▸ **Provided data**

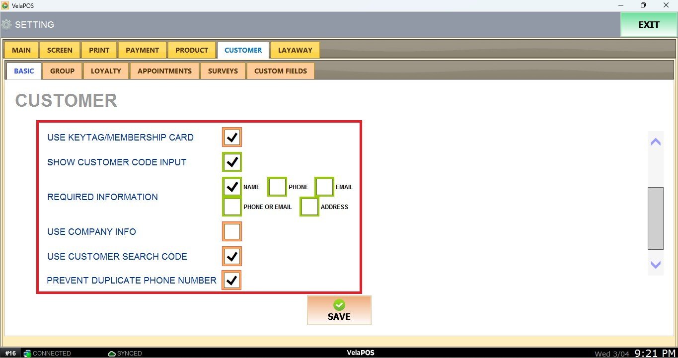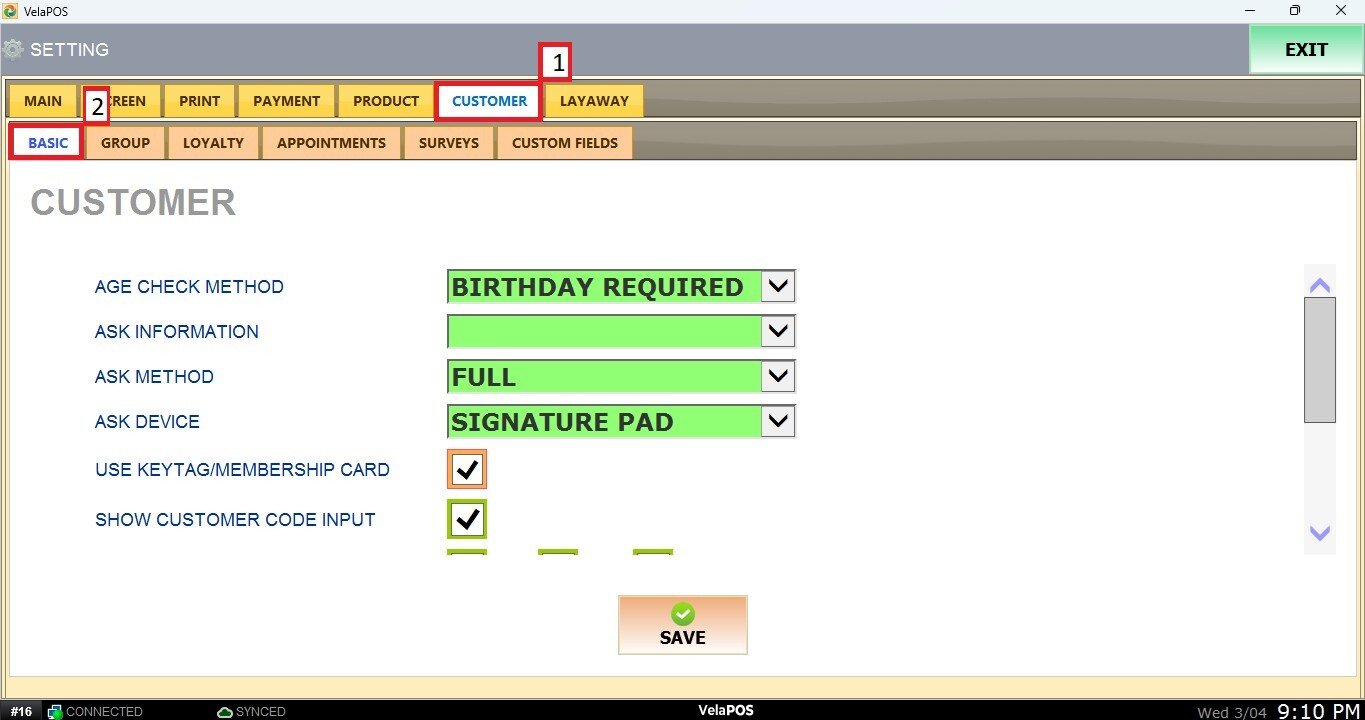 Go to the CUSTOMER tab, and click on BASIC.
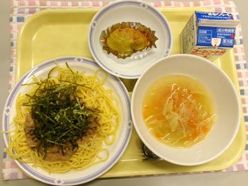 今日の献立 ・大根スパゲッティ ・ジュリアンスープ ・スイートポテト ・牛乳 |
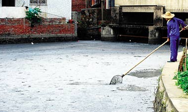 昨晚7時許,兩車不合格液態(tài)奶在廣州石井潭村垃圾壓縮站銷毀,壓縮后的液奶包裝袋被運往垃圾填埋場,但壓縮出來的液態(tài)奶卻被直接排入垃圾站旁的河涌。附近街坊反映,這樣的銷毀工作前晚已有一次,白天溫度升高,牛奶發(fā)酵,河涌內(nèi)散發(fā)出的臭氣讓人難受。
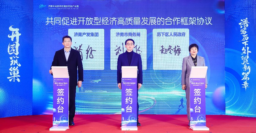 在入駐簽約環(huán)節(jié),濟南國商園區(qū)運營管理有限公司總經(jīng)理陳蕾與華潤置地中心項目負(fù)責(zé)人李靜宜簽訂了委托運營協(xié)議;劉燕飛、趙冬梅、褚征分別代表濟南市商務(wù)局、濟南市歷下區(qū)人民政府、濟南產(chǎn)發(fā)集團共同簽署《共同促進開放型經(jīng)濟高質(zhì)量發(fā)展合作框架協(xié)議書》;王紅、楊傳軍、趙治文、楊福濤、王海清、黃蓓、邵丹丹共同按下啟動開園按鈕,宣告濟南中央商務(wù)區(qū)國際貿(mào)易產(chǎn)業(yè)園正式開園。
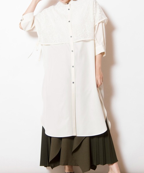 Spring Summer collectionヴィンテージシックなムードのレースを重ねた、品行方正なロングシャツ。羽織として、ヒップや二の腕カバーも出来る頼れる1枚。===========================透け感: 僅かにあり(WHITE)伸縮性: 僅かにあり光沢感: 僅かにあり裏地: なし素材について: 上品なツヤととろみのあるブラウス地===========================【素材】 ポリエステル98%,ポリウレタン2% レース/ナイロン63%,コットン25%,レーヨン8%,再生繊維(セルロース)3%,ポリエステル1%【洗濯表示】 洗濯機可■商品のお気に入り登録クーポンやタイムセール、再入荷通知やラスト1点などお得な情報を受け取ることができます。ご登録をお忘れなく◎

▸ **Requirement**
Using the data above, transcribe exactly the lines between those containing "今日の献立 ・大根スパゲッティ ・ジュリアンスープ ・スイートポテト ・牛乳 |" and "昨晚7時許,兩車不合格液態(tài)奶在", inclusive, and leave every picture behind.

▸ **Task result**
 今日の献立 ・大根スパゲッティ ・ジュリアンスープ ・スイートポテト ・牛乳 |
 昨晚7時許,兩車不合格液態(tài)奶在廣州石井潭村垃圾壓縮站銷毀,壓縮后的液奶包裝袋被運往垃圾填埋場,但壓縮出來的液態(tài)奶卻被直接排入垃圾站旁的河涌。附近街坊反映,這樣的銷毀工作前晚已有一次,白天溫度升高,牛奶發(fā)酵,河涌內(nèi)散發(fā)出的臭氣讓人難受。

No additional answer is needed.